Puis comprenant rapidement que manu militari intuitu ils risquaient fort, en tant que molécules prébiotiques dans l’océan sans vie, de se retrouver recomposés aussi sec, ces idéaux-types optèrent pour une métamorphose unicellulaire primitive, donnant raison à certaines prémisses du raisonnement maïeuticien. Philippe Mayaux apporte sa pierre de touche renouvelée, mais en vrai silicone, à la vieillissime théorie obsolète – et par là bien utile – de la génération spontanée.
En effet, les petits animaux artistiques, on le sait, naissent d’un tas de chiffons, de l’air ambiant extérieur et les feuilles de l’arbre tombent au sol, se transforment en oiseaux, de même qu’elles accouchent au fil de l’eau des poissons ou des idoles, lesquels sont amphibies et flottent aussi, quand ce ne sont pas les asticots qui sortent joliment d’un morceau de viande appétissant, d’un foie de veau trop rosé. Les microbes font levure et l’expérimentateur a plaisir à tripoter ses hypothèses internes, conscientes et très conscientes, rendant bien pénible le travail de qui voudra alors par la suite les reproduire avec l’esprit de sérieux nécessaire à la perpétuation scientifique dans l’âme.
Les théories et pratiques s’agglutinent et, fatalitas, ces mêmes arts majeurs miniaturisés, peinture d’histoire mais sculptée dans le gruyère, tutti frutti aux alentours et au format Voyage Fantastique à la Richard Fleischer en pleine Guerre Froide réenactée par le Printemps arabe s’inversent. C’est que statistiquement ces mêmes propriétés artistiques qui ne devraient plus y être s’incrustent, font mémoire de l’eau (dont le boom médiatique à la fin des années 80 correspond à celle d’une génération fourbissant ses armes à la Villa Arson, autre source jaillissante).
Magnifique ou néfaste baliverne dont Félix Archimède extrait et injecte à la Jurassic Park de sa petite personne l’ambre intime dont à coup de judicieuses piqûres de moustique il nous démontre.
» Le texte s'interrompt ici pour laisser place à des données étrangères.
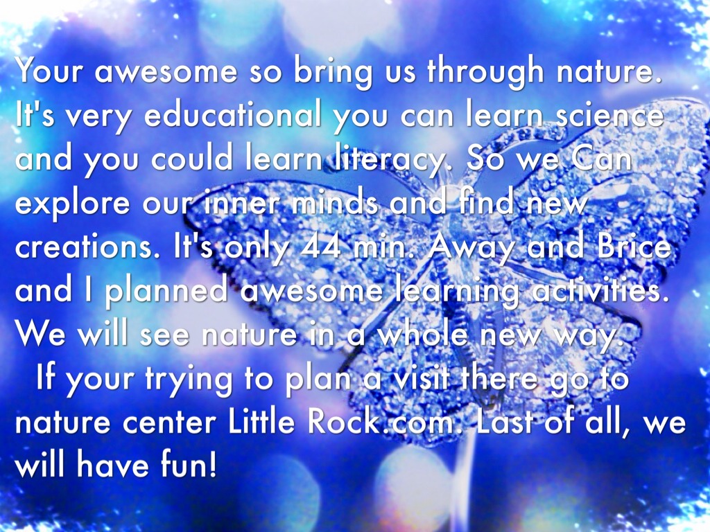 Your awesome so bring us through nature. It's very educational you can learn science and you could learn literacy. So we Can explore our inner minds and find new creations. It's only 44 min. Away and Brice and I planned awesome learning activities. We will see nature in a whole new way. If your trying to plan a visit there go to nature center Little Rock.com. Last of all, we will have fun!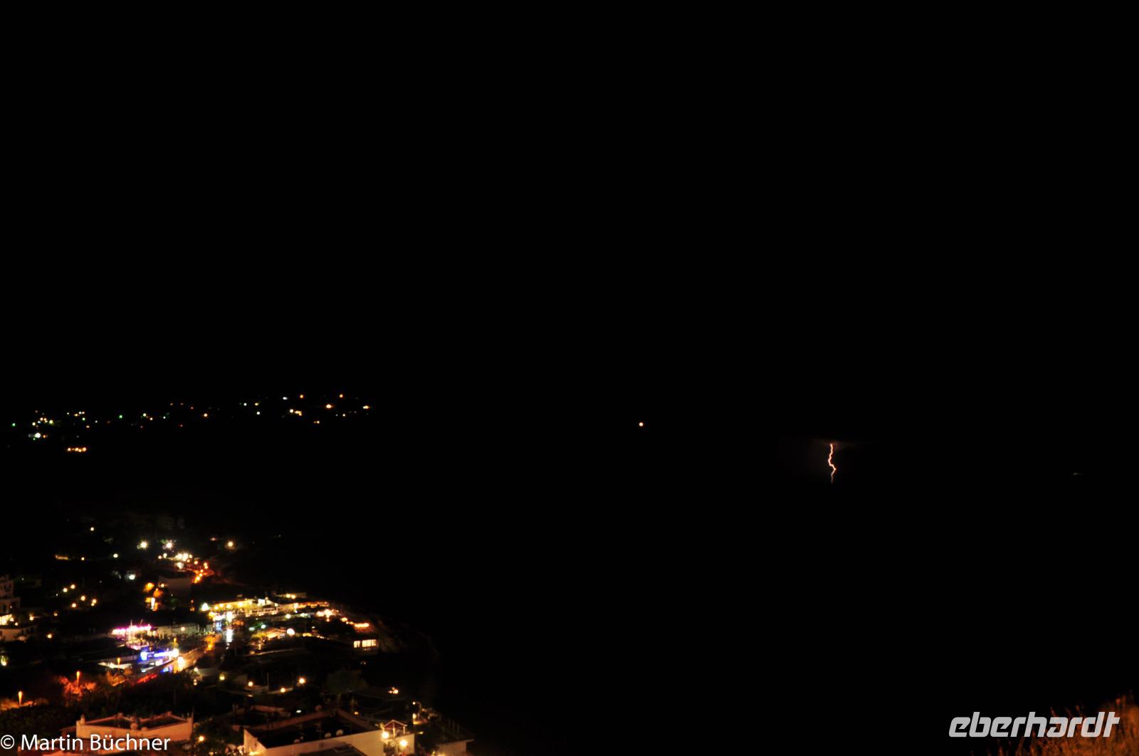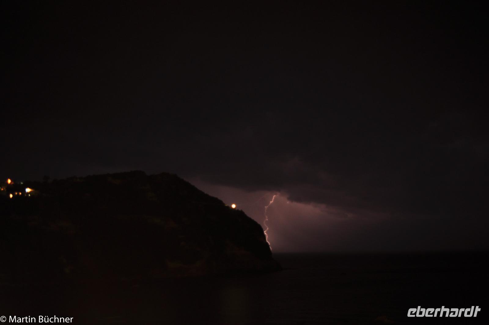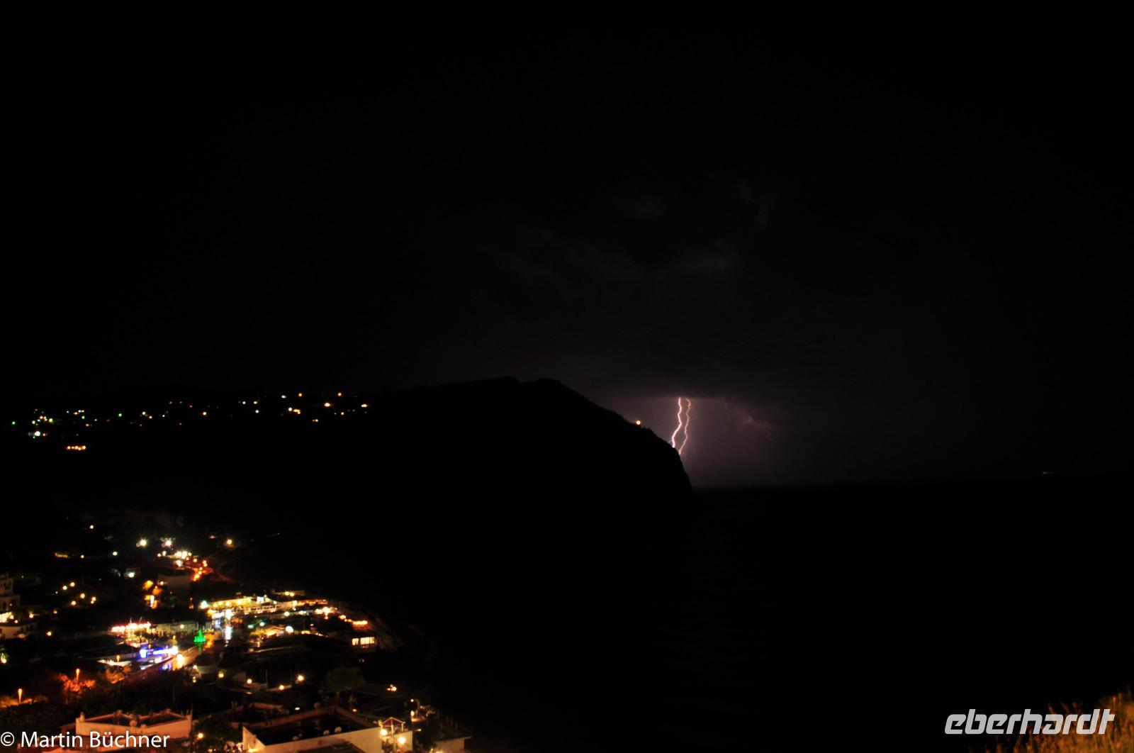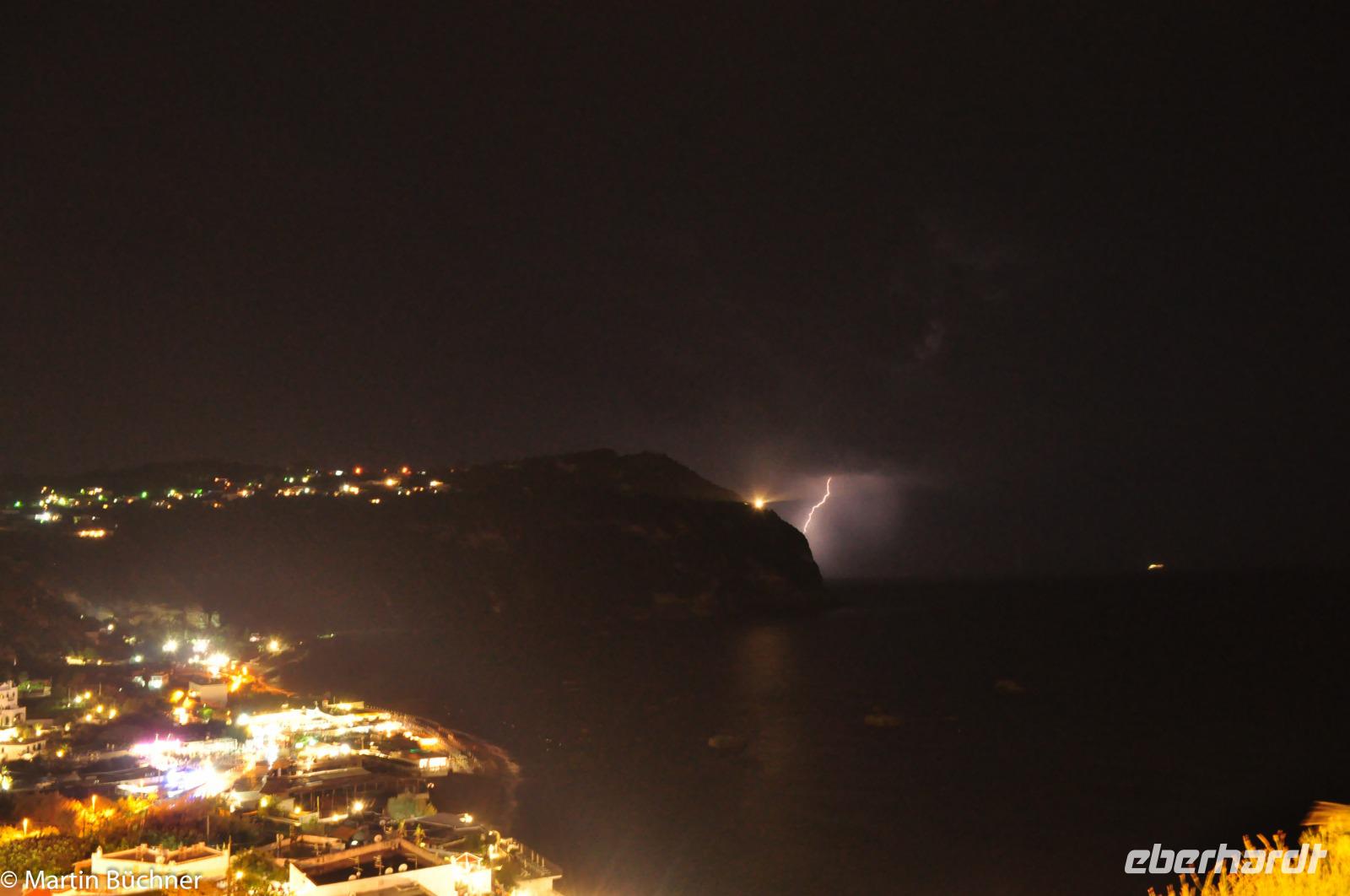 Am Abend brauen sich starke Gewitter zusammen, typisch für Süditalien im Oktober bringen sie in der Regel ersehnte meist ergiebige Niederschläge und sind oft verbunden mit spektakulären Blitzen. Uns wird ein fantastisches Lichtspektakel geboten.

Ainsi en va-t-il de la disputatio du fossile en art qui perdure dans nos sociétés où l’air raréfié heureusement ne manque jamais. Est-il une escroquerie, une controverse, la dernière encore possible, un carottage insertif et réceptif à la fois qui ferait le bonheur assuré du regardeur et de sa légitime paresse? Est-il inclus, exclu, résonnant? Excavé, souterrain comme une
énergie, ressurgit-il alors quoi qu’on touche, assemble, colle, ajoute?
Tout n’est-il que trace, contact, dent de civilisation, coque d’uréthane extrudé en souvenir ou de blister à propension cancérigène et autre phtalate comme celui qui entoure le Nutella et finit par creuser dans la nature sa roche sédimentée? Ici le fossile mâle s’alliant comme il se doit au faux-cil, à l’ombre martelée du symbole, nous oblige à réexaminer la calcite de nos techniques toujours plus heureuses de compilation et intrusion. Le germe rance était bien là , mais ne fait-il pas poison aussi ? Et Philippe Mayaux de nous contraindre à contempler le lombric priapulien dans la pomme à générescence surréaliste tout en parvenant à dégager la pulpe de la peau de banane sans en avaler le pépin. Ni problème ni scrupule, car l’art, quelle que soit la brièveté des liaisons qu’il fricote, retient dans ses réseaux ordonnés de molécules une nanoseconde de fraction, tandis que, merveilleusement étranges, ses objets durent, durent, durent (ou bien mous, mous, mous).